For the horizontal vergence, the Friedman ANOVA showed a significant effect of conditions (χ2(3,26) = 22.47, P < 0.001). Pair-wise comparisons showed a significant difference between upward and downward saccades at near distance (Z = 3.02, P < 0.002) and at far (Z = 3.41, P < 0.001). Figure 6 shows that the horizontal vergence is always convergent (positive value) and that the convergence is higher for downward saccades (mean: 1.06 ± 0.83 at near and 1.01 ± 0.75 at far distance) than for upward saccades (mean: 0.40 ± 0.67 at near and 0.35 ± 0.98 at far distance). As a consequence, and similar to adults' behavior,13 children's downward saccades are associated with higher convergence than upward saccades. 
Figure 6
 
Horizontal vergences are shown during the vertical saccades for both directions (down and up) at near (black) and at far (white) distances. Vertical bars represent the standard error; *significant differences.
Figure 6
 
Horizontal vergences are shown during the vertical saccades for both directions (down and up) at near (black) and at far (white) distances. Vertical bars represent the standard error; *significant differences.

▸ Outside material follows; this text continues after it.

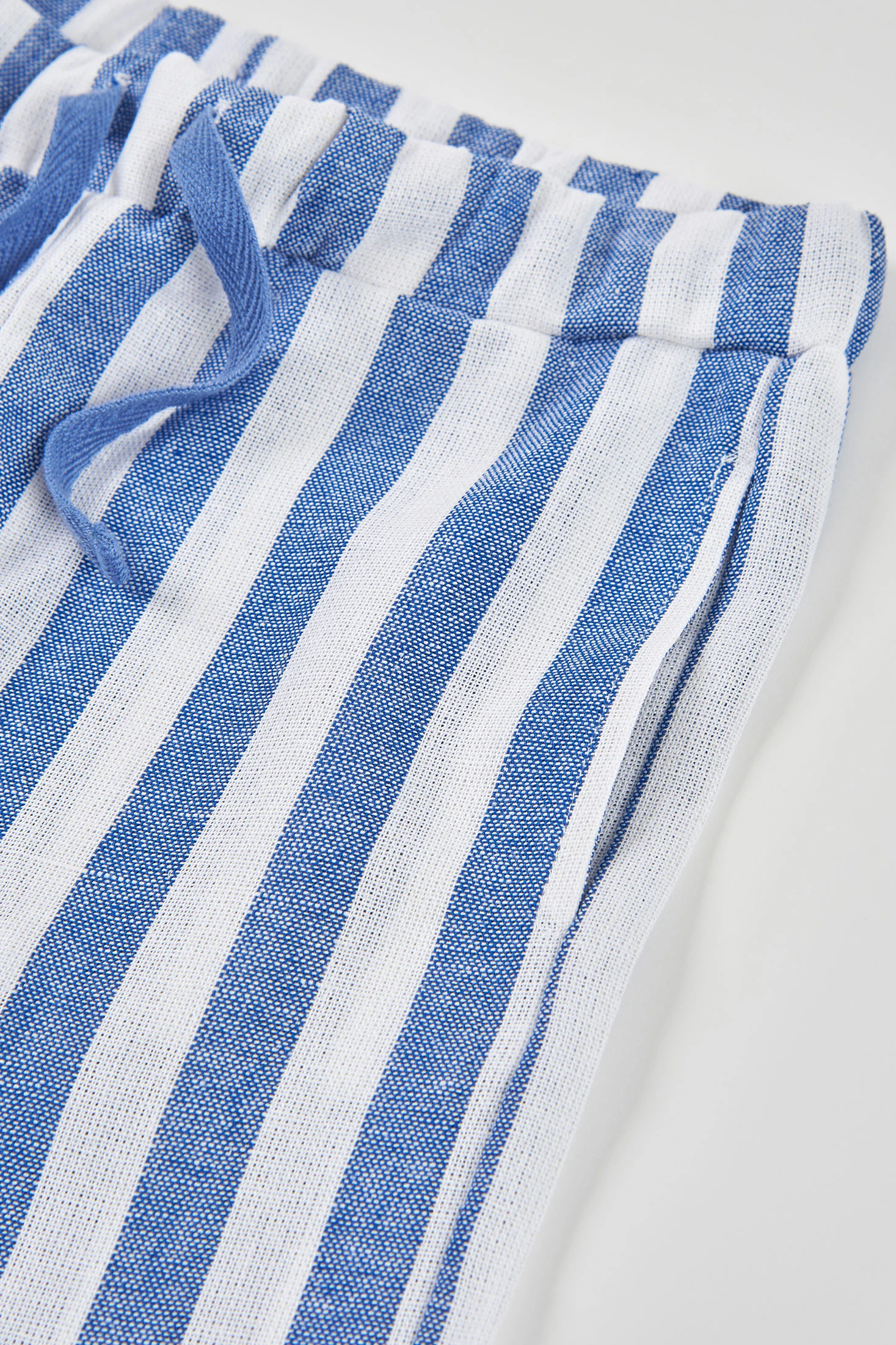 Gestreifte Leinenhosen für Mädchen bieten ein frisches und bequemes Aussehen. Das Leinenmaterial garantiert Frische und Leichtigkeit, ideal für warme Tage. Sie haben ein Design mit vertikalen Streifen in Blau und Weiß, das einen klassischen und eleganten Touch verleiht. Der verstellbare Bund sorgt für Komfort und eine perfekte Passform. Erhältlich in Größen von 12 Monaten bis 14 Jahren, sind sie eine vielseitige Option, um sie mit T-Shirts oder Blusen in hellen Farbtönen für einen sommerlichen Look zu kombinieren.
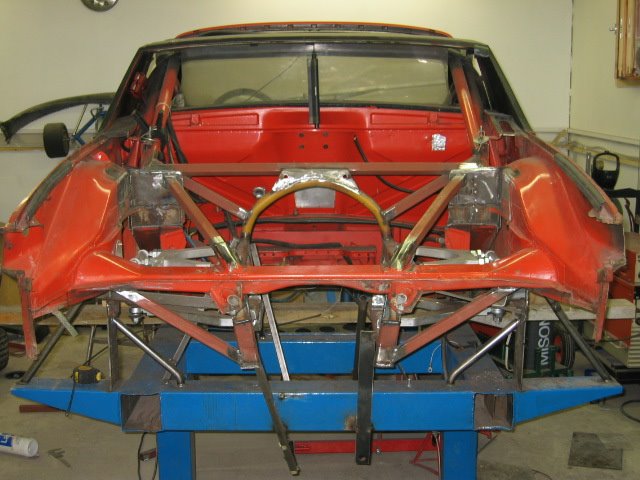 Here is front pictures. Still need to adjust the front with fenders and hood on before welding because it got bended a little while lifting.

Horizontal Vergence Following Vertical Saccades.
The Friedman ANOVA test showed a significant conditional effect on the horizontal vergence following the saccade (χ2(3,26) = 49.65, P < 0.001). The pair-wise comparison showed a significant difference at near distance between upward and downward saccades (Z = 4.7, P < 0.001). Figure 7 shows a slightly larger horizontal vergence drift after downward saccades (mean: −0.86 ± 0.43 at near and −0.74 ± 0.49 at far) than after upward saccades (mean: −0.14 ± 0.60 at near and −0.41 ± 0.33 at far); such drift level counter the horizontal vergence occurring during the vertical saccade. 
Figure 7
 
Horizontal vergences are shown after the vertical saccades for both directions (down and up) at near (black) and at far (white) distance. Vertical bars represent the standard error; *significant differences.
Figure 7
 
Horizontal vergences are shown after the vertical saccades for both directions (down and up) at near (black) and at far (white) distance. Vertical bars represent the standard error; *significant differences.
A summary of the results and their significance are shown in the Table. Direction-significant effects were found only for vertical conjugate postsaccadic drift and for horizontal vergence during and after the vertical saccades. 
Age Effect
Correlation Between Children's Age and Saccade Parameter.
The linear regression model showed no significant effect of age for all the following saccade parameters: gain, latency, duration, mean velocity, peak velocity, and vertical disconjugacy of the saccades (vertical binocular coordination). This was the case for both saccade directions (up and down) and for both distances (near and far). All R2 values were weak and varied from 0.000 to 0.11, and all P values were superior to 0.05, yet for upward saccades at 150 cm, there was a significant correlation between the horizontal vergence taking place during the vertical saccades and the age (R2 = 0.29, P < 0.002). Figure 8 shows that the horizontal convergence at 150 cm for upward saccades decreased with age. 
Figure 8
 
Linear regression plot of the horizontal vergence during the upward saccade at 150 cm as a function of age (in months) of the subjects.
Figure 8
 
Linear regression plot of the horizontal vergence during the upward saccade at 150 cm as a function of age (in months) of the subjects.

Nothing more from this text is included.